EXTRACTED INFORMATION >>
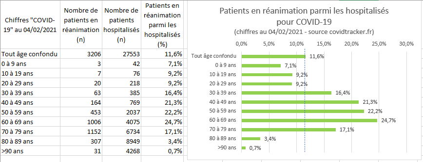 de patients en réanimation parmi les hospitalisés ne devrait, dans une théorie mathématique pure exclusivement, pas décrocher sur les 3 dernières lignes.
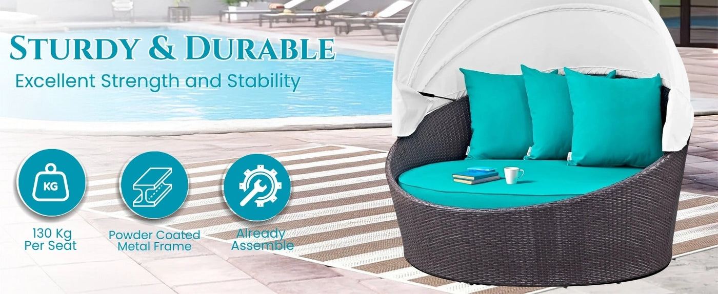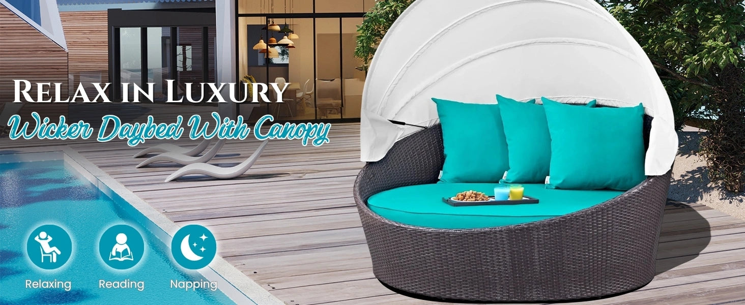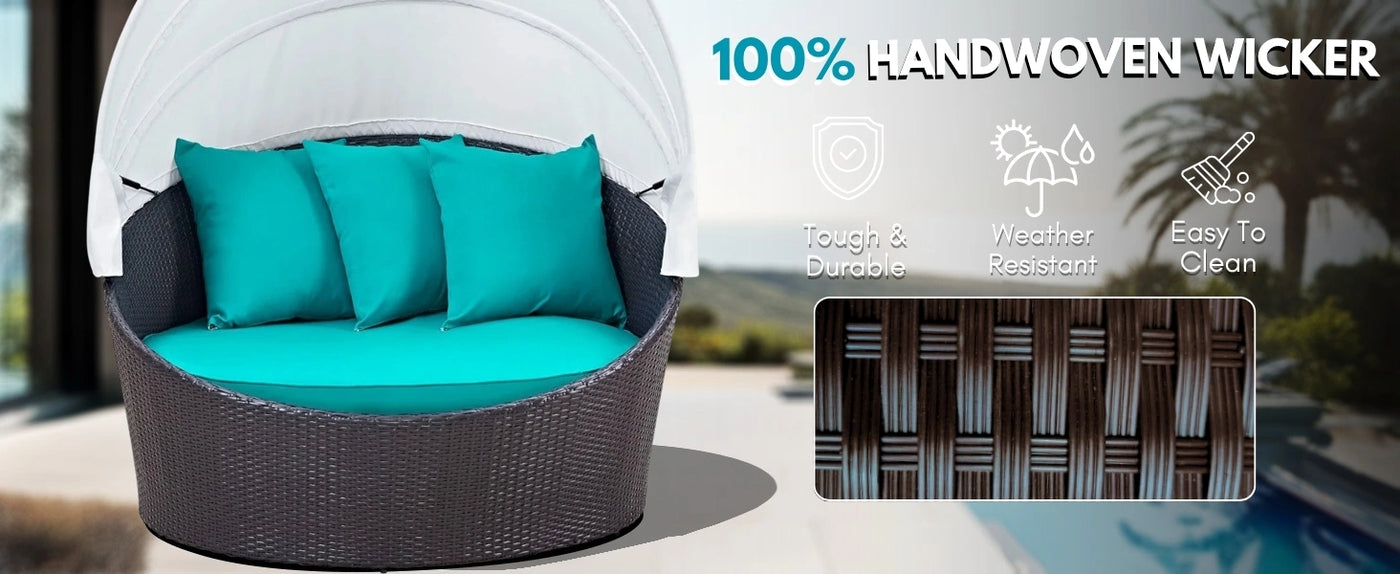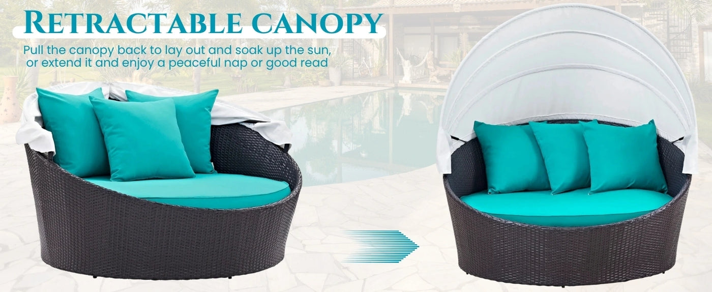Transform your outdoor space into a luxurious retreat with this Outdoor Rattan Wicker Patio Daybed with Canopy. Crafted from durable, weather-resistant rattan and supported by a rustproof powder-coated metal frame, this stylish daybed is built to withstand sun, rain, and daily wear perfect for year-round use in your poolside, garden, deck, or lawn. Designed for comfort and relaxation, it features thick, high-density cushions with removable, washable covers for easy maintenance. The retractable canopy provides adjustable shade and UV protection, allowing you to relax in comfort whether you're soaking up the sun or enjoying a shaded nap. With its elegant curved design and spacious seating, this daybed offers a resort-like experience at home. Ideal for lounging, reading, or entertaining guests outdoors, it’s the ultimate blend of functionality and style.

--

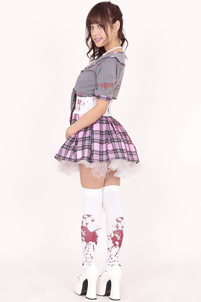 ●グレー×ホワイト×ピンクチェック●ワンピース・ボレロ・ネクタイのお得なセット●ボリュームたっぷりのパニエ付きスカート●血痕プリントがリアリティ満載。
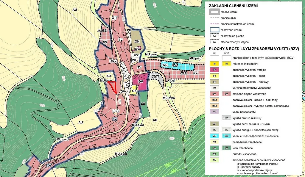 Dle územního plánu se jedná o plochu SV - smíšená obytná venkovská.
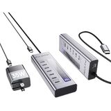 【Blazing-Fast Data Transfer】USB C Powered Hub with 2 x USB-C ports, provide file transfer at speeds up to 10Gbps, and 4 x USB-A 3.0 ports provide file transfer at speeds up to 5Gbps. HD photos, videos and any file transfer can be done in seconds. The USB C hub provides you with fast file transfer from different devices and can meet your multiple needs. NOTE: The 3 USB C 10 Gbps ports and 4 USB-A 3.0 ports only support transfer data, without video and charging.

PROBLEM REQUIREMENTS >> Nothing but the lines from the one containing "Dle územního plánu" through the one containing "video and charging." should appear, copied exactly from the material above and without pictures.

YOUR SOLUTION >>
 Dle územního plánu se jedná o plochu SV - smíšená obytná venkovská.
 【Blazing-Fast Data Transfer】USB C Powered Hub with 2 x USB-C ports, provide file transfer at speeds up to 10Gbps, and 4 x USB-A 3.0 ports provide file transfer at speeds up to 5Gbps. HD photos, videos and any file transfer can be done in seconds. The USB C hub provides you with fast file transfer from different devices and can meet your multiple needs. NOTE: The 3 USB C 10 Gbps ports and 4 USB-A 3.0 ports only support transfer data, without video and charging.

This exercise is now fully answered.